Considered as a literary genre, the libretto has often evoked more contempt than praise. The most obvious cause of difficulty is the inability to see beyond the words on the page. It is unjust to consider only the libretto of an opera, for the words are inextricably linked with the music. There have been people who have claimed that either the text or the music were most important in an opera. The scholar Ludovico Muratori, for example, stated in the early eighteenth-century that aria verses were “parole non necessarie” (unnecessary words). On the other hand, the French author Victor Hugo expressed envy towards composer Verdi, who had composed Rigoletto (based on Hugo’s Le roi s’amuse), for the “power and unique resources of the operatic medium.”4 Amidst all the negative criticism on the libretto as a literary genre, it is worth knowing that for the first two centuries of the genre’s existence, i.e. the seventeenth and the eighteenth centuries, almost all the commentary was made by literary men. It is only since the nineteenth century, when composers such as Richard Wagner and Hector Berlioz engaged in public debate, that people with musical skills as well as literary ones entered regularly into the public discussion. It is not surprising that almost all opera critics were from the literary world. An opera score was rarely published (at all or in its entirety), thus making it virtually impossible to study them. Therefore, critics had only the libretto to work form. In addition, performance reviews, in the modern sense, did not yet exist. As a result, criticism focussed solely on the libretti of operas.

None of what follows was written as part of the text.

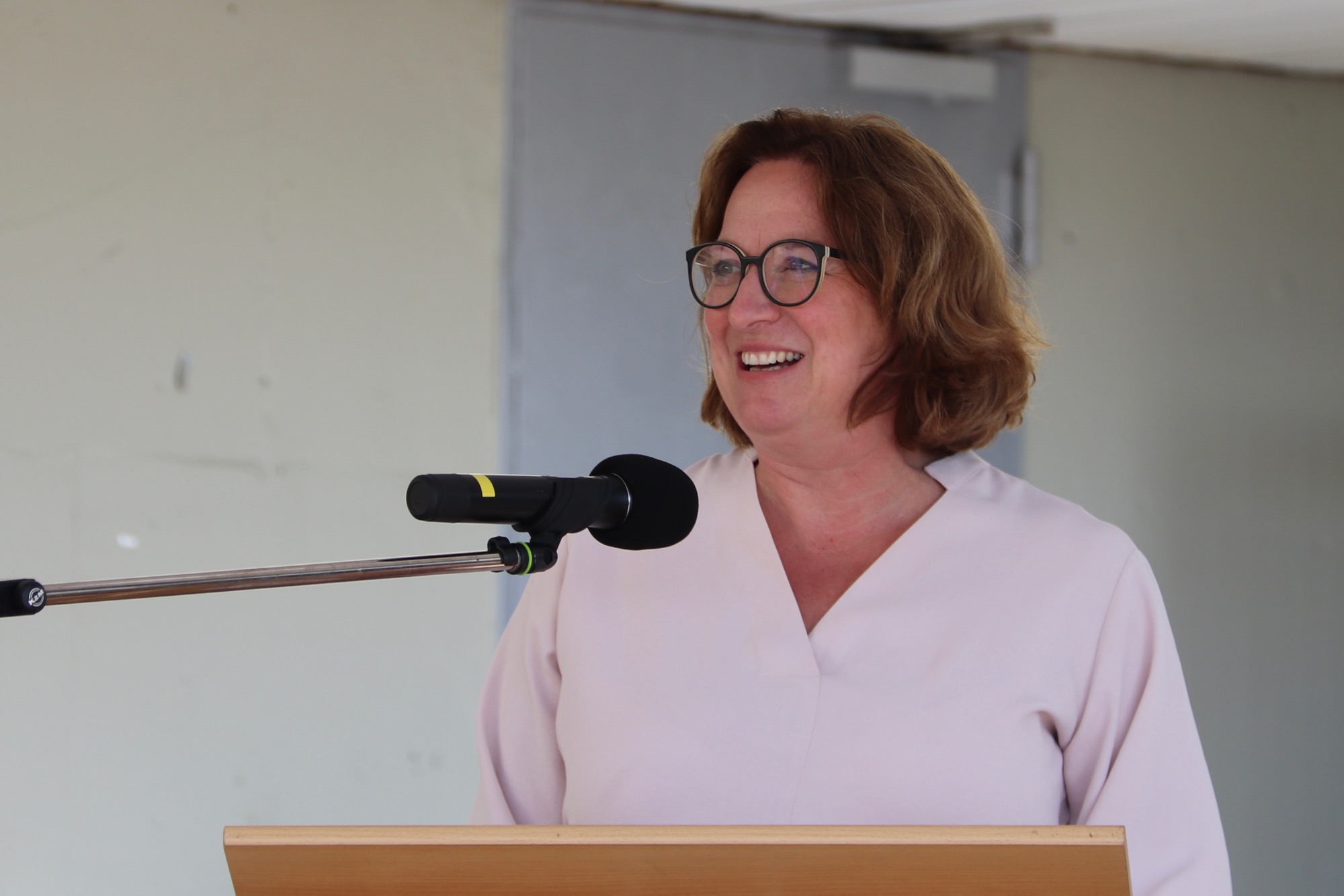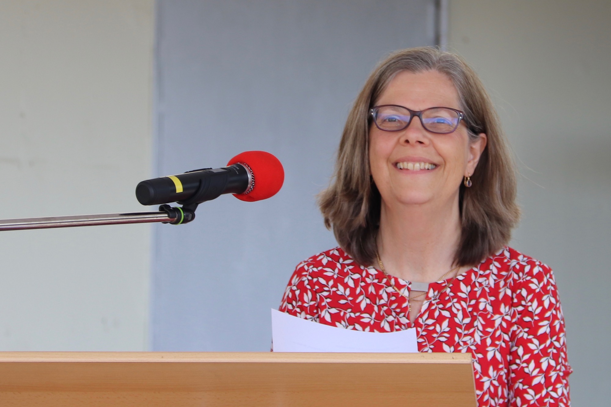 Als Vertreterin der Elternschaft bekräftigte Frau Mosig-Miers in ihrer Rede, wie stolz die Eltern seien, dass ihre Kinder trotz aller Widrigkeiten ein richtiges Abitur geschafft hätten. Nun stünden ihnen alle Türen offen – angesichts der zahlreichen Studiengänge und Ausbildungswege sei es jedoch herausfordernd, die richtige Tür zu finden. Frau Mosig-Miers dankte auch den Lehrkräften für ihr Engagement, gerade auch in den schwierigen Zeiten der Pandemie. Schließlich wünschte sie den Abiturient*innen, dass sie beruflich und privat ihren Weg finden. „Ihr seid die Zukunft, und die Zukunft gehört euch! Macht das Beste daraus!“

The negative criticism on libretti was not necessarily misplaced, however. Quite early in the seventeenth century it was recognised that the musical form of the opera combined with the increased difficulty of distinguishing words in a large theatre designed for musical performances, demanded brevity and simple sentences from the librettist.

That can be no reason for poor poetry, however.5 In English-speaking countries, more so than in others, both critics and audiences have often reacted negatively to the conventions and language of opera libretti. This can partly be explained by the unusually rich and popular tradition of spoken drama (not to mention lyric poetry or dialogue in novels).6 It

4 Trowell, section 3, par.1.

5 Idem., section 3, par. 11.

6 Idem.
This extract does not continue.